Wilson ends with a digression on history and tradition in Hawai’i. It favorably recalled the 1852 Constitution of King Kamehameha III, which “contained no right to keep and bear arms.” That is not surprising, in that the Constitution provided for absolute rule: “The King is sovereign of all the chiefs and of all of the people; the kingdom is his.” That recalls the infamous dictum of Louis XIV: “L’état, c’est moi.” Under a weapon law of the same year, Wilson relates, “the only people allowed to carry arms were Kingdom officials and military officers....”

The monarchy was overthrown in 1893 and the Provisional Government set up, which established the Republic of Hawai’i. Wilson relates that, in 1896, the Republic passed a law prohibiting the carrying of a firearm without a license, but does not mention that anyone could obtain a license on the payment of an annual fee of one dollar, without any other qualification. See Republic of Hawaii v. Clark (Haw. 1897).

Hawaii was a U.S. Territory from 1898 until 1959. Its carry restrictions only applied to concealed handguns, which required a permit that would be issued if the person had “good reason to fear an injury” or “other proper reason.” We have no idea how strictly such laws were administered. It was not until 1961 that a permit was also required to carry openly.

For the above history, Wilson relies on the Ninth Circuit’s 2021 decision in Young v. Hawai’i, which upheld the state’s ban on open carry and which was vacated and remanded by the Supreme Court in light of Bruen. I have written about Young’s faux histoire here.

The post-monarchial history reflects the context in which the guarantee of the right to bear arms in the Constitution of 1950 would have been understood. As in many American states, open carry was lawful and concealed carry required a permit. It was not as if, as Wilson depicts, no right of the people to bear arms was recognized.

One last point about the historical context in which the 1950 Constitution was adopted.
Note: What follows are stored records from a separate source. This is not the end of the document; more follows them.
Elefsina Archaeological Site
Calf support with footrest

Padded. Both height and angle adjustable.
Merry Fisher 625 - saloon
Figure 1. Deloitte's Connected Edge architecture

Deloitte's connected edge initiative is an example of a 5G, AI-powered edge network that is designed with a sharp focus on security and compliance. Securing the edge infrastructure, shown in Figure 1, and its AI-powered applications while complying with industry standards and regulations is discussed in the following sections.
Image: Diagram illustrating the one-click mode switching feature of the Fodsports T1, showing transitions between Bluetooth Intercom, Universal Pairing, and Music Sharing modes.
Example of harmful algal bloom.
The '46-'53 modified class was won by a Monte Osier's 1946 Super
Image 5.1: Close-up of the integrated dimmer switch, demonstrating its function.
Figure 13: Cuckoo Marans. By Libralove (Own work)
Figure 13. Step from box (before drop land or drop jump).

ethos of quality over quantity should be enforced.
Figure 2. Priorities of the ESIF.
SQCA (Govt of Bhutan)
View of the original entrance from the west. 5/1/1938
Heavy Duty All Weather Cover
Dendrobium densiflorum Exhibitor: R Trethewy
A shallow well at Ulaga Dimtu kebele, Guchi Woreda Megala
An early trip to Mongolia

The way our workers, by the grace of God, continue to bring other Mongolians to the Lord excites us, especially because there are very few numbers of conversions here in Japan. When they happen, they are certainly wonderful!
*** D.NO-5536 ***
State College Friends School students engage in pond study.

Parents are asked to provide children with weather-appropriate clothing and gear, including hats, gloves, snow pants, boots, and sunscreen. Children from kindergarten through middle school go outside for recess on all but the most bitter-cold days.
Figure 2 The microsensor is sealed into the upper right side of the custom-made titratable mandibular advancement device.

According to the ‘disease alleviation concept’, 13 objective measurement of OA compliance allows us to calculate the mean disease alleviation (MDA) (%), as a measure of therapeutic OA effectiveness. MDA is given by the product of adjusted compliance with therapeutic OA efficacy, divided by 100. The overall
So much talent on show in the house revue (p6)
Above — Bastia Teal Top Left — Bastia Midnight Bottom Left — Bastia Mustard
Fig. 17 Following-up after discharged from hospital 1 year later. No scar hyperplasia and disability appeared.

That was only five years after the end of World War II, which for the U.S. began with the attack on Pearl Harbor. When the Hawai’i National Guard was federalized, the Territorial Guard and supportive armed civilian groups stepped up to protect against sabotage and defend against potential invaders. Many of the delegates at the 1950 convention, like our Founders, doubtlessly considered the militia to consist of the people at large who would take up arms in an emergency.

Wilson ends with an explanation of how “the spirit of Aloha clashes with a federally-mandated lifestyle” of recognizing the right of citizens to carry firearms. While that was another jab at the U.S. Supreme Court, Wilson found that the defendant lacked standing to raise a Second Amendment defense because he had not applied for a carry permit, a requirement that Bruen recognizes. The Wilson court could have followed the same logic and found that he lacked standing to challenge § 17 as well, in which case no need would have existed to repeal that guarantee of the state Bill of Rights by judicial fiat.